Food and abstention from food play a very important role in Ethiopian Catholic life and practice. The norms for Catholic practice are set by Ethiopian Orthodox practice, the more dominant religion in Ethiopia. Catholic practices in Ethiopia are less strict than Orthodox, but far stricter than in the Latin Catholic world.
The Ethiopian Orthodox Church requires lay people over age 13 to fast for at least 180 days a year (monks and other religious are asked to fast for about 250 days a year) including most Wednesdays and Fridays. Advent fasts last for 40 days, and Lenten fasts last for 56 days. The Orthodox Church describes this regimen as one of the “longest and most austere fasts in the world… Fast generally implies one meal a day to be taken either in the evening or after 2:45 p.m. with total abstention from meat, fats, eggs and dairy products. Instead they use cereals, vegetables and other types of food devoid of fats. Smoking is a breach of the fast.” 1
Ethiopian Catholics follow many Orthodox fasting rules, fasting twice a week on Wednesdays and Fridays with no food allowed before the end of the noon Mass (i.e. around 2 p.m.), after which they would eat no meat or dairy products — including cheese, butter, or eggs — but can eat and drink most other things, including beer.
In a nod to Jewish ritual practice, kosher-related food taboos play a significant role in the Ethiopian Orthodox church. The staple bread of Ethiopia, injera, is an unleavened, spongy flatbread. Orthodox believers may not eat pork or meat from animals that do not have cloven hoofs or chew their cud.
Many Catholics who diligently observe other elements of the fast indicate that they do not feel bound by the obligation not to eat pork. Other families insist on the injunction. Though leavened bread is not prohibited, unleavened injera is a staple food eaten by all, including Catholics.

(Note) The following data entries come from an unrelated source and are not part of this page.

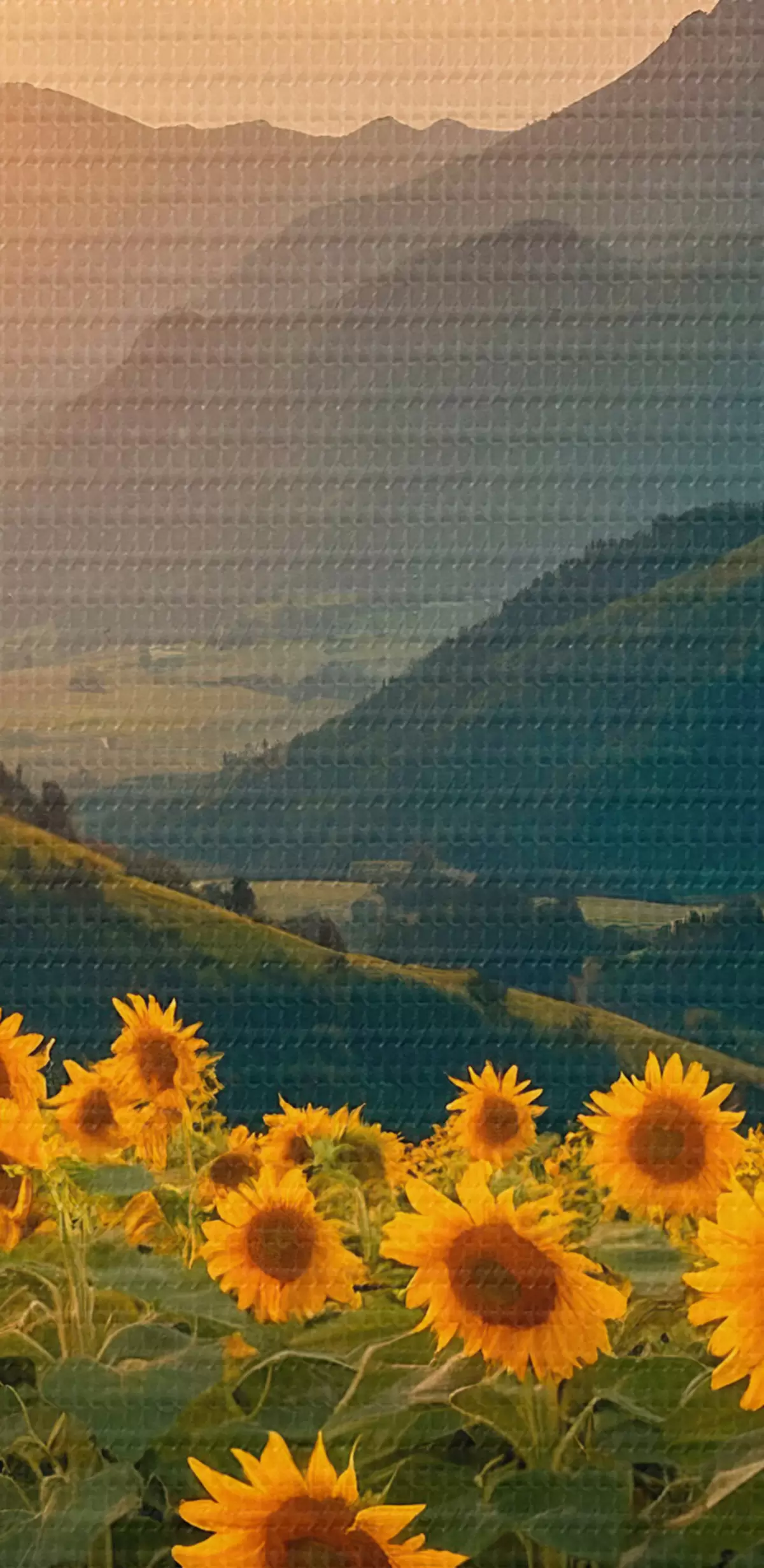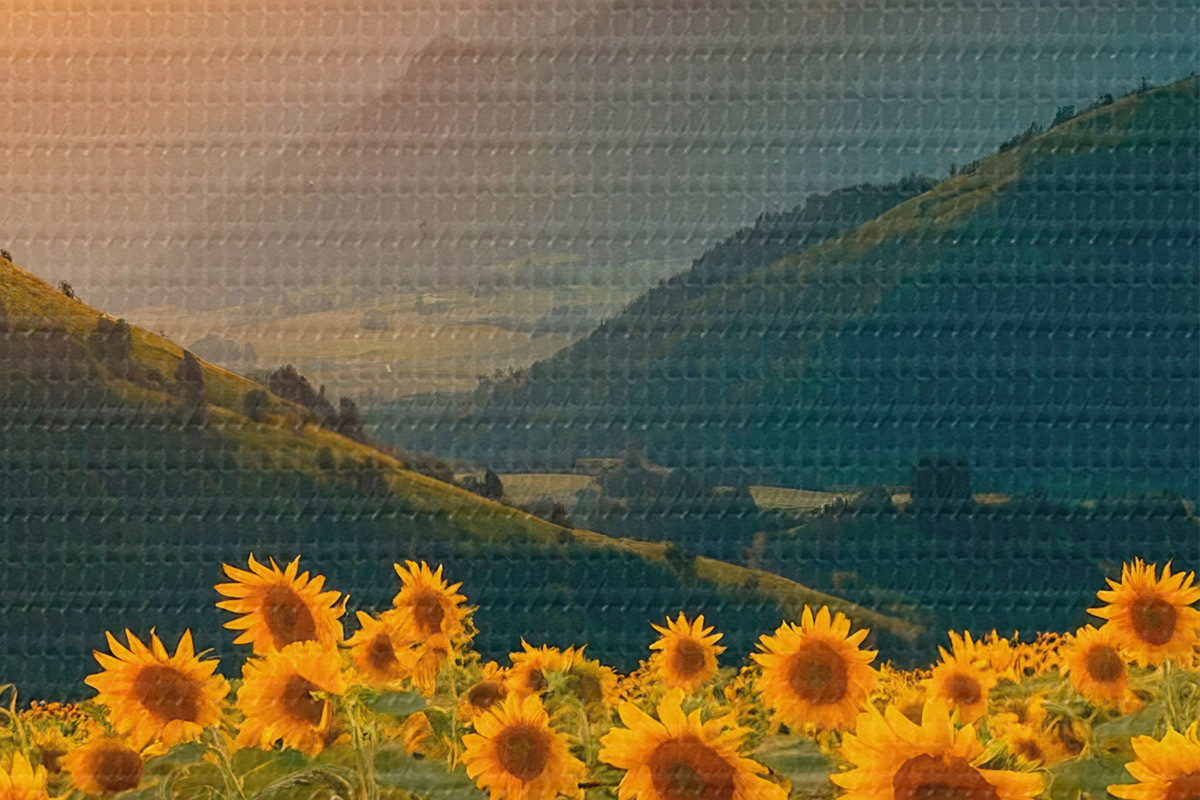 Foto Girasoles sobre un fondo de montañas Nr r41049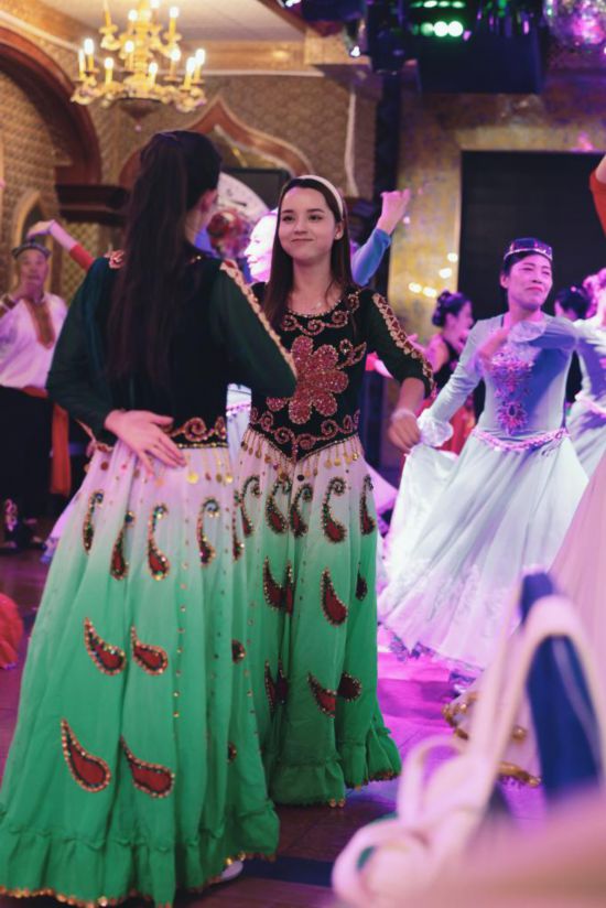 9月25日,在王三街“民族團結一家親”餐廳,各民族群眾在一起跳舞。新華社記者 任沁沁 攝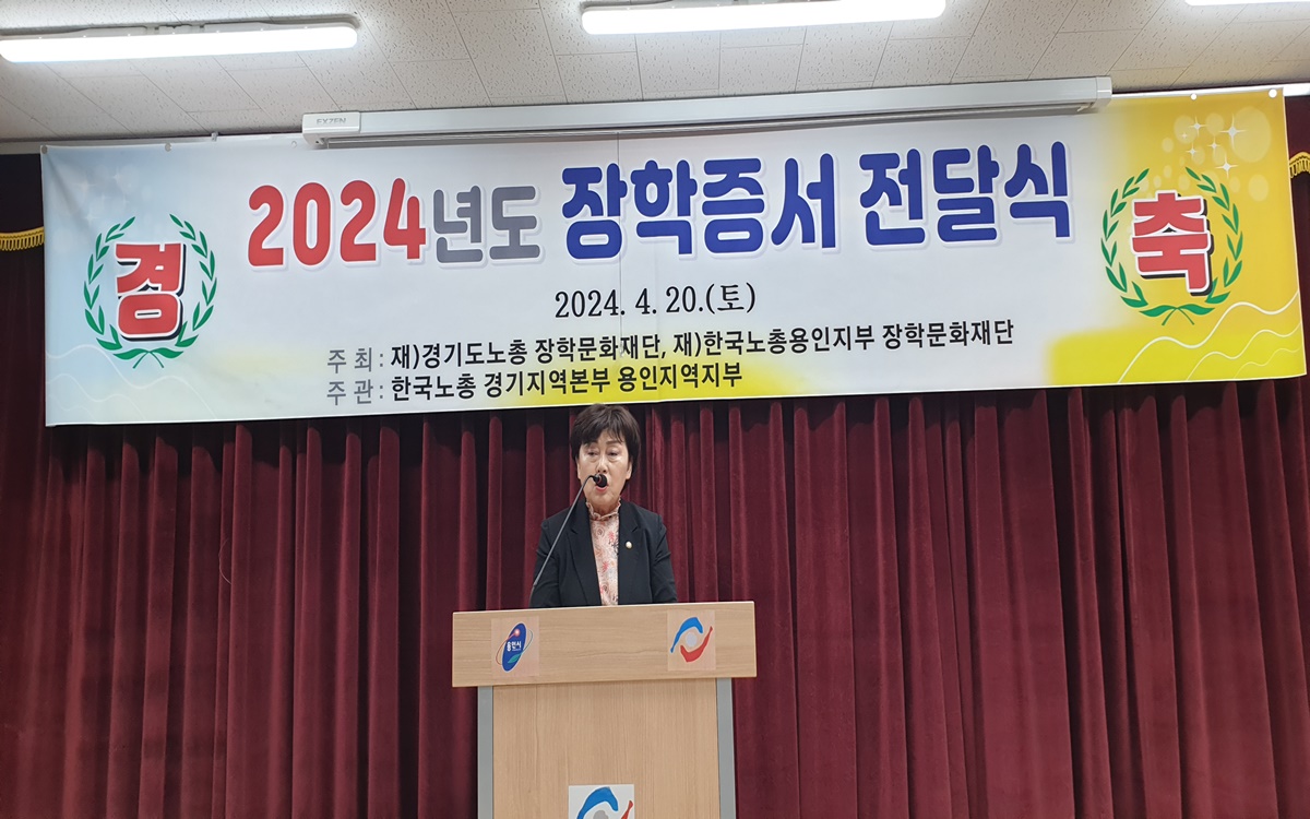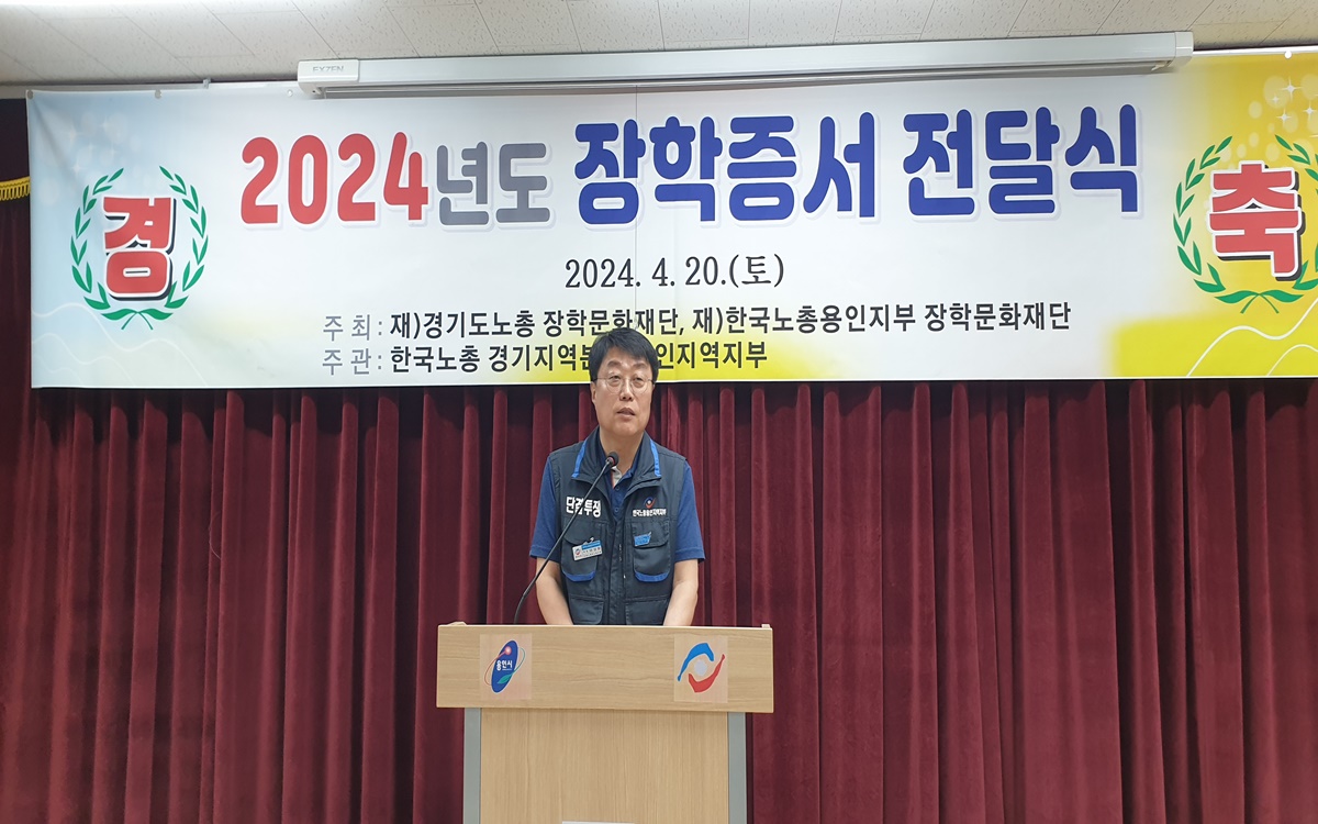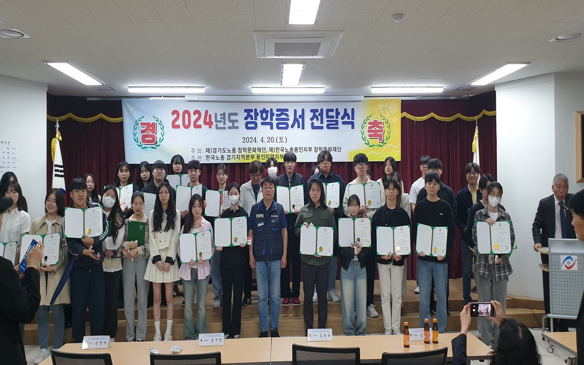 한국노총용인지역지부(의장 이상원)에서는 4월 20일. 용인관내 노동자 자녀를 대상으로 장학생을 선발하여, 용인시노동복지회관 대회의실에서 장학생 및 학부모 내 · 외빈등 200여명이 참석하여, 「2024년도 장학증서 전달식」을 개최하였다.

Orthodox believers also have their own rituals for slaughtering meat, and require that all meat they eat must have been slaughtered by a Christian. In Addis Ababa, there is one Christian slaughterhouse and one Muslim one, each of which supplies all respective butchers and restaurants. At the Christian slaughterhouse, an Orthodox priest will bless all the animals with a Trinitarian blessing, a pattern that is repeated in other large towns and cities. In the countryside, this may be left to the senior male householders who pray a Trinitarian blessing over the bull, goat, lamb or chicken before its throat is cut. Women may not fill this role. Christian butcher shops always identify themselves with a cross painted on the stall, and Muslim shops are identified with a crescent. In many regions, Orthodox believers may not eat meat blessed by a Catholic (since Catholics may not fully observe the Orthodox fasting rituals), so butchers tend to be Orthodox, and mixed Orthodox-Catholic families work out an arrangement for who blesses an animal for the Meskel feast. During the 40 days of lent, Christian butcher shops are usually closed entirely, and Christian restaurants will not serve meat. Catholics vary in terms of whether they will eat halal meat served in a Muslim restaurant. Gurage lay people in Emdibir, outside Addis Ababa, describe their fasting and eating practices as quite similar to the Orthodox, while urban Addis Catholics asserted much more flexibility.
Catholics interviewed for this project often use food and fasting rules as a standard by which to judge themselves as more “liberal” than Orthodox, or more “conservative” than Protestants. Nonetheless, in the north and central regions - those areas defined by the historic influence of the Orthodox church - food and fasting are important markers of the Christian life for Catholics. In Southern areas - historically more Latin-rite influenced, and today more Protestant influenced - less attention is given to fasting.
Feasts like Meskel, Christmas and Easter always culminate in a feast.
Hospitality is a core value in Ethiopia. Visitors can come by unannounced or on short notice, and be taken in with extraordinary generosity for a meal or for a coffee ceremony, an elaborate process of roasting beans and serving the coffee. It is perhaps also notable that food, whenever eaten, is always shared. A large plate is served with layers of injera. Meat, fish or legumes with sauces are poured on top, and diners commonly eat from that one large plate. Close friends may even feed one another.